Directions for this task
Pictures stay out. Everything else in the listing below gets written out exactly.

Provided data
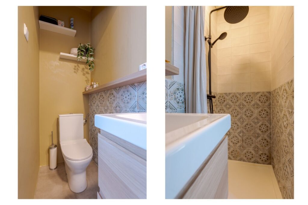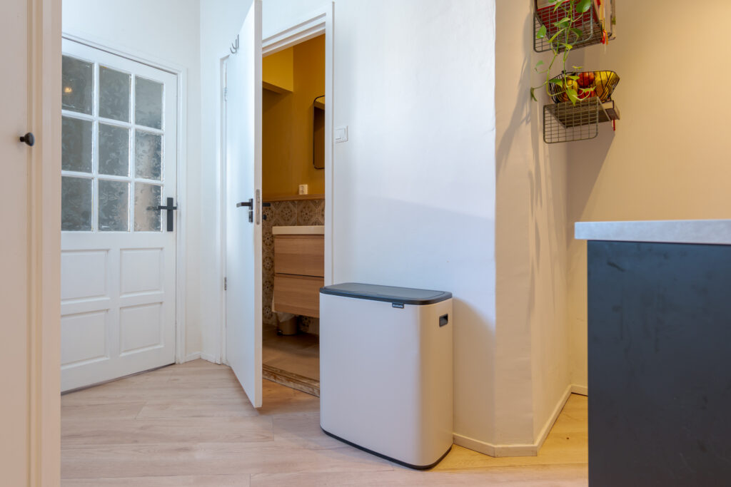 De keuken is in 2021 volledig vernieuwd en praktisch ingedeeld. Met een moderne uitstraling en de benodigde inbouwapparatuur is dit een fijne plek om te koken. Ook de badkamer is recent in een nieuw jasje gestoken, de nieuwe tegels en kleuren geven de ruimte een mediterraans tintje. De badkamer beschikt over een inloopdouche, wastafel en toilet. De cv-ketel en de aansluiting voor de wasmachine zijn netjes weggewerkt in een aparte kast naast de keuken.
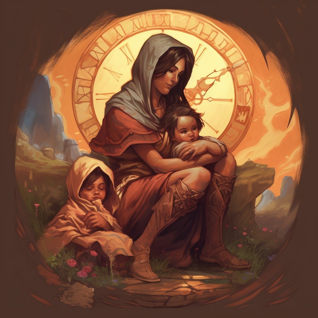 Создано на основе запроса: mother time, magic the gathering art style, high definition
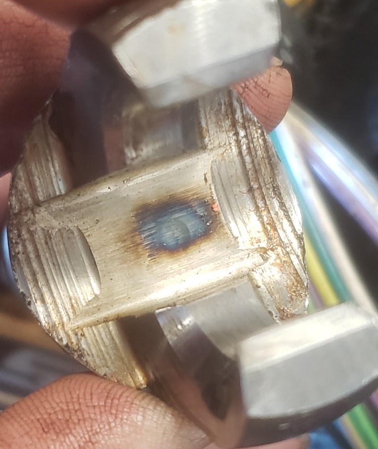 But, looking at the machine work for the actual pivot, it looks like there is a spot weld. There is a small circular spot with a heat affected zone around it.

Task solution
 De keuken is in 2021 volledig vernieuwd en praktisch ingedeeld. Met een moderne uitstraling en de benodigde inbouwapparatuur is dit een fijne plek om te koken. Ook de badkamer is recent in een nieuw jasje gestoken, de nieuwe tegels en kleuren geven de ruimte een mediterraans tintje. De badkamer beschikt over een inloopdouche, wastafel en toilet. De cv-ketel en de aansluiting voor de wasmachine zijn netjes weggewerkt in een aparte kast naast de keuken.
 Создано на основе запроса: mother time, magic the gathering art style, high definition
 But, looking at the machine work for the actual pivot, it looks like there is a spot weld. There is a small circular spot with a heat affected zone around it.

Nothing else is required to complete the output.